Both test machines must be configured on their own private network. They should be isolated as much as possible from any other systems. The test environment must be customized for the particular network technology being tested. Only the one network card under test should be configured. Do not configure multiple cards or logical interfaces or virtual interfaces.

HCTS supports single port NIC and multiport NIC certification. For multiport NIC, HCTS supports dual port and quad port NIC certification.

For multiport NIC certification, you must configure each port of the multiport NIC. The IP bound to each port must be in a different subnet.

If you enable IPv6 certification, you do not need to configure the IPv6 interface. HCTS automatically configures IPv6 interfaces.

Fast Ethernet

• All machines are connected to a hub or switch.

• When switches are used, set the ports to different speeds (for example, 10/100 Mbps or 1000 Mbps for Ethernet) and vary the transmission type (for example, full-duplex, half-duplex, or auto-negotiate).

Gigabit Ethernet

• All machines are connected to a switch.

Notes:

1. Do not use NIS (Network Information Service).
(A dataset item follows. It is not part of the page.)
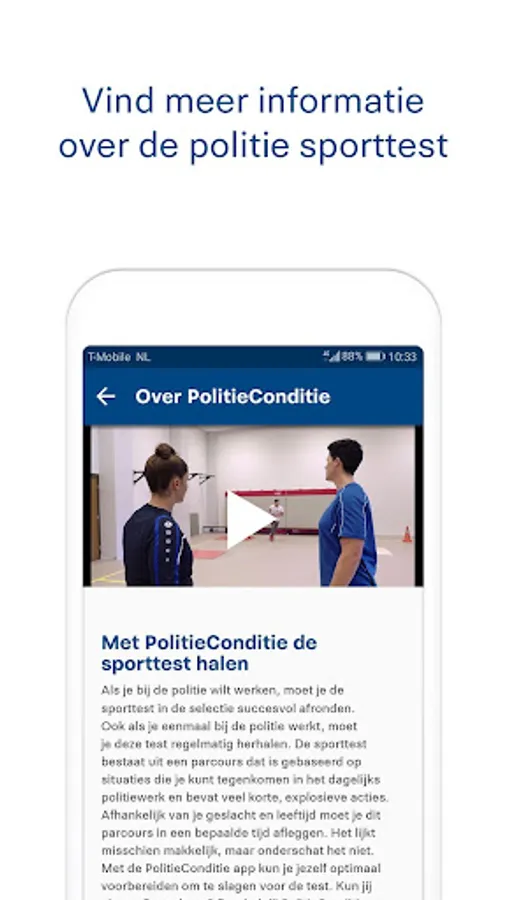 With this free app from the police you can optimally prepare yourself for the sports test of the police. You must successfully complete this test during the selection procedure. Even once you work for the police, you must repeat the test regularly. During the running training sessions, which are becoming one step harder, you perform various exercises such as imprints, sprinting and long jumps. Can you handle level 5 of the app well? Then you have Police Condition and you are ready for the sports test!

You might encounter problems if you use NIS.

2. Set up the IP addresses for the system under test and the test manager system in the same subnet.

3. Set up the IP addresses for each port on a multiport NIC in different subnets.

4. Both system hostnames must be resolved on both systems. On the system under test, add the test manager system hostname to the /etc/hosts file. On the test manager system, add the system under test hostname to the /etc/hosts file.

5. If the Solaris version is 10 or later, make sure the NFSMAPID_DOMAIN in /etc/default/nfs is set to the same domain name for both the system under test and the test manager system.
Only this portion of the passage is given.